What you should do
Look below for the line with "Nálepku woodoo na" and the line with "- Catalan numbers: The". Copy exactly those two lines and every line between, but not the pictures.

Dataset
------------------------------
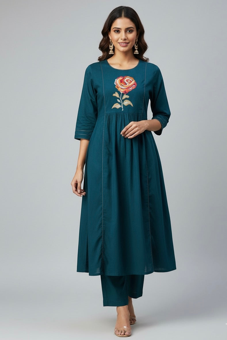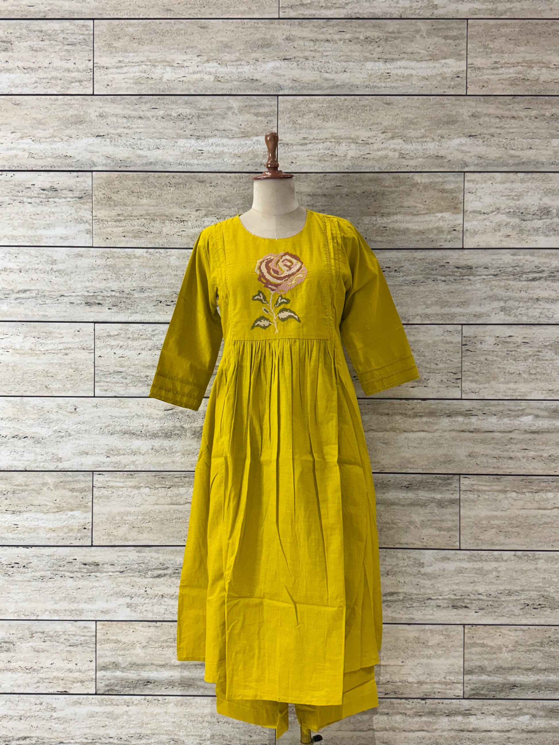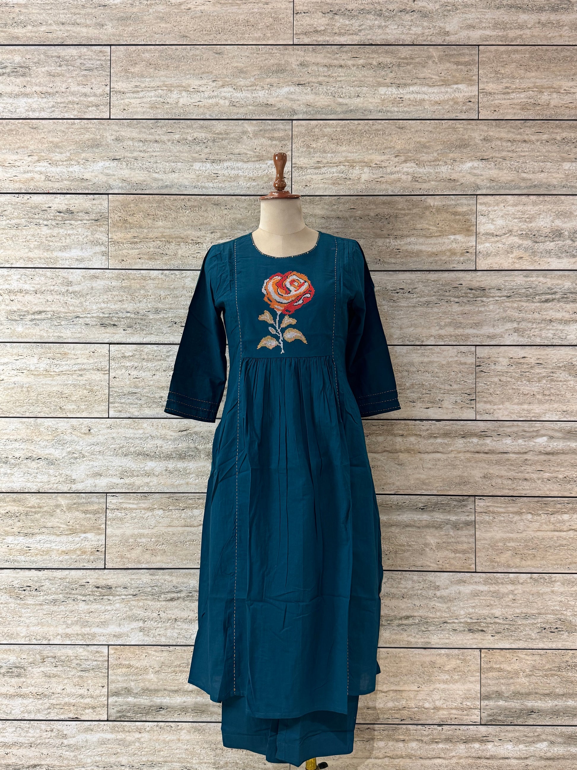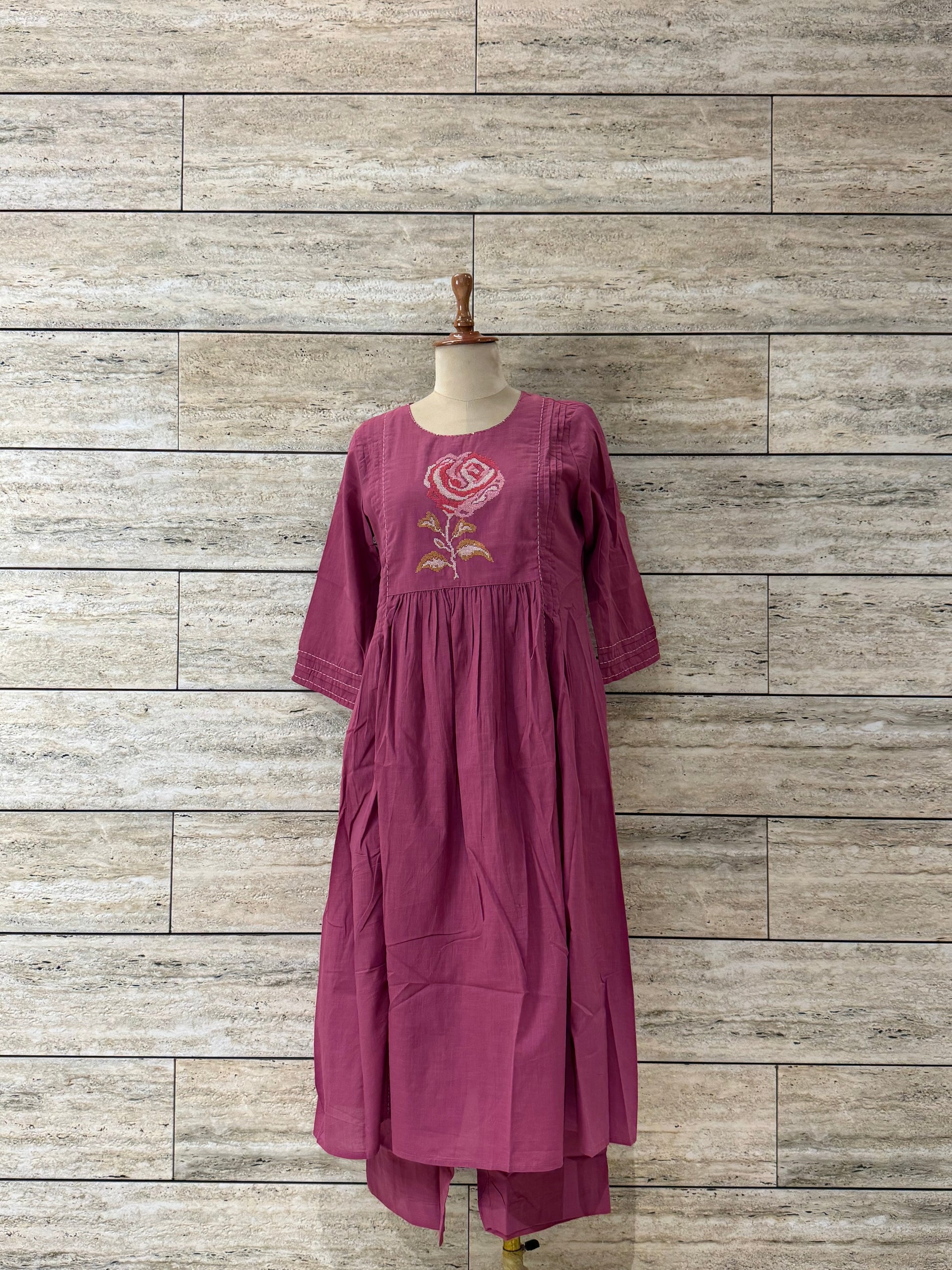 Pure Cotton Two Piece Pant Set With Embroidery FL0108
------------------------------
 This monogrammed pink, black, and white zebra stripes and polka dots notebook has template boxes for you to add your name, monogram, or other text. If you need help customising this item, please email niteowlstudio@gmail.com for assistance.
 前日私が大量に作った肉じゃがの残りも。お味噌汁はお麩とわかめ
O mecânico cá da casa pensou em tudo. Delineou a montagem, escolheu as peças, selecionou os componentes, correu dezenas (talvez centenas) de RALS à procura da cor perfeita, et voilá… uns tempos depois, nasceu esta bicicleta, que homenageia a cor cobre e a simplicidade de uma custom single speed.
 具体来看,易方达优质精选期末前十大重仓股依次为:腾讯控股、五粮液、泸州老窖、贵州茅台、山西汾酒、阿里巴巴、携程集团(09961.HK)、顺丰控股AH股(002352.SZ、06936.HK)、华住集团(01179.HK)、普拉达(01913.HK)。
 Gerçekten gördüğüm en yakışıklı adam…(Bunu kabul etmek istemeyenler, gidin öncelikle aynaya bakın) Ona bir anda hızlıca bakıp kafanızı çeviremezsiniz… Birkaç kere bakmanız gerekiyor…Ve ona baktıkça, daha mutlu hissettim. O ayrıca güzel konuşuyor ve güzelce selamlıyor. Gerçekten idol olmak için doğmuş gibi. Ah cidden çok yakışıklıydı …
------------------------------
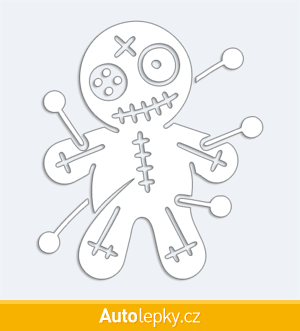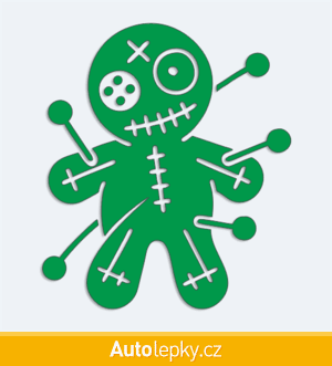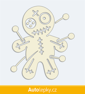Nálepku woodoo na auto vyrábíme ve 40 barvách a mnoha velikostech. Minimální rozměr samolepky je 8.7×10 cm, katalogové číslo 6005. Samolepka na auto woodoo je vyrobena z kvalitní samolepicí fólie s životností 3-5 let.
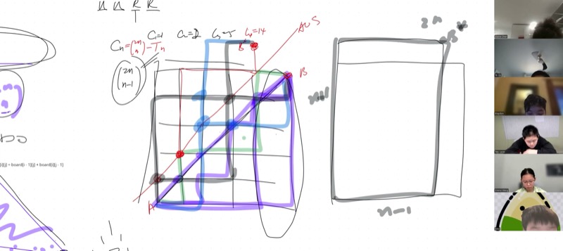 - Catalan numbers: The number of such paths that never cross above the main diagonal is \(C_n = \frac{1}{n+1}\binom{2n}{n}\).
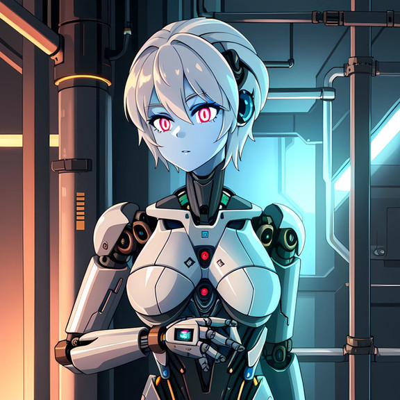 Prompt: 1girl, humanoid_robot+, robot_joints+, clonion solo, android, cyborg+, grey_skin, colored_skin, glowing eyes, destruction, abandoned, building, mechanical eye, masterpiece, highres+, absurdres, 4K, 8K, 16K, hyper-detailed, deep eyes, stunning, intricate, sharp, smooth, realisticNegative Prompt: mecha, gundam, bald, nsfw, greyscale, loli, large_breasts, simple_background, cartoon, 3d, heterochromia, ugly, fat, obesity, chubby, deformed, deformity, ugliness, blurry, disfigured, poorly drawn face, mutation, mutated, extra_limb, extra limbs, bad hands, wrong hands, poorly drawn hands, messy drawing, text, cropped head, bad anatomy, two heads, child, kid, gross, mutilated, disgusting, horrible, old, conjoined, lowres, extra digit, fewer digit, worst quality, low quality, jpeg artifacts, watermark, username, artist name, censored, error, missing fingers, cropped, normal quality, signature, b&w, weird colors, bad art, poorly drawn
------------------------------
Exercise result
Nálepku woodoo na auto vyrábíme ve 40 barvách a mnoha velikostech. Minimální rozměr samolepky je 8.7×10 cm, katalogové číslo 6005. Samolepka na auto woodoo je vyrobena z kvalitní samolepicí fólie s životností 3-5 let.
 - Catalan numbers: The number of such paths that never cross above the main diagonal is \(C_n = \frac{1}{n+1}\binom{2n}{n}\).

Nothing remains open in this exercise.